And the problem gets worse because the distributors are obviously getting squeezed themselves by the economy — falling sales, trading down, shrinking margins, credit limits and counter-party risk.  Expect distributors to consolidate in some cases and pull back to reduce cost and risk in others.

The net effect is clear — distributors are reducing their SKUs (stock keeping units to non-economists) and focusing a smaller number of  reliably profitable products lines.  This means that it is harder and harder for new and niche wineries to get on the warehouse pallet.

The Missing Middle

I’m not sure exactly how this all will shake out, but I suspect the problem will be worse in the middle market. Very small wineries can often successful self-distribute.  Very large ones will probably get distribution because of the volumes they can generate.  The middle falls awkwardly in between — too big to sell it all yourself, too small to be worth a major distributor’s time. The fact that the distribution system is fragmented into 50 (plus DC) pieces just makes the situation worse.

In the same way, SVB data suggest that lower priced fine wines ($35 and less on their scale — remember that a lot of SVB’s customers are in Napa Valley) are still selling pretty well and very expensive icon wines apparently are doing OK, too.  The mid-range is in trouble.  SVB calls $35-$50 a “gray area” and $50-$125 a “dead zone.” Ouch.
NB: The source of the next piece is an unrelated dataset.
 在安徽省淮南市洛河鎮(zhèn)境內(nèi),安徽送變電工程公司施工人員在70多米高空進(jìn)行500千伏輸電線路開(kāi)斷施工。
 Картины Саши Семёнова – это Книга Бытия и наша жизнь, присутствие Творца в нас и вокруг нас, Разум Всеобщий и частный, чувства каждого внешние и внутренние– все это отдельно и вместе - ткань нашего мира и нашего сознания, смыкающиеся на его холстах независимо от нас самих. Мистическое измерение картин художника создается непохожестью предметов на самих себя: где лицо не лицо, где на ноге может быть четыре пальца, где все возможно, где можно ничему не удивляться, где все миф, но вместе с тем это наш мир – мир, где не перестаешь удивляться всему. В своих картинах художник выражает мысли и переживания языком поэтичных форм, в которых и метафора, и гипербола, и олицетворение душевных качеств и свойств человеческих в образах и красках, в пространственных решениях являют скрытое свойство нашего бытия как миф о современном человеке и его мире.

I would hate to be a new 3000-5000 case winery trying to sell wine made to be priced in the dead zone.  Unfortunately, I think there may be a lot of new wineries coming on line now who planned to do just that back when economic conditions were sunnier. It will take exceptional effort (or truly exceptional wine) to make this business model work in the current economic environment. I recently talked with one middle-sized premium winemaker who has already figured this out and pulled back — lower output, lower prices — to get clear of the dead zone.
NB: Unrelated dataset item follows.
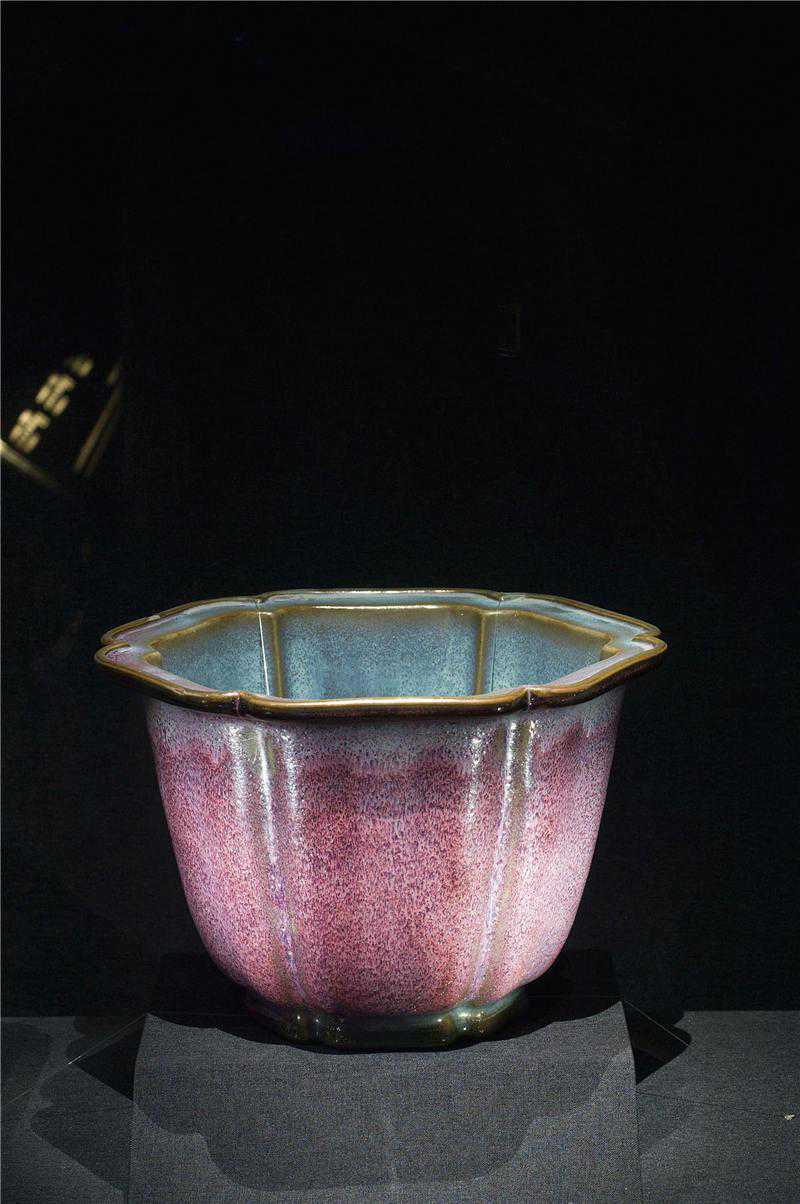 北宋钧窑玫瑰釉葵花式花盆

This is the “missing middle” effect that economists are familiar with in other contexts (small family operations and huge corporate businesses survive, the middle simply disappears).  The distribution bottleneck isn’t necessarily the cause of the coming missing middle effect in the wine industry, but it will certainly make it worse.

The Sub-Prime Wine Crisis

What does the sub-prime mortgage crisis have to in common with the market for wine today? More than you might think! Read on …

Liquidity Problems

Here’s a simplified version of the sub-prime mortgage crisis narrative. A housing bubble masked the inherent risk of the mortgaged-backed securities that financed the bubble itself. Investors were unable to fully assess risk because the complicated financial vehicles were not very “transparent” and the rating agencies did not prove to be trustworthy guides.

When the crisis came, liquidity dried up and the market deflated (crashing in some cases). The solution to the problem, many think, is to increase transparency — to make it easier to figure what is in a mortgage-backed security and how to assess its risk and return.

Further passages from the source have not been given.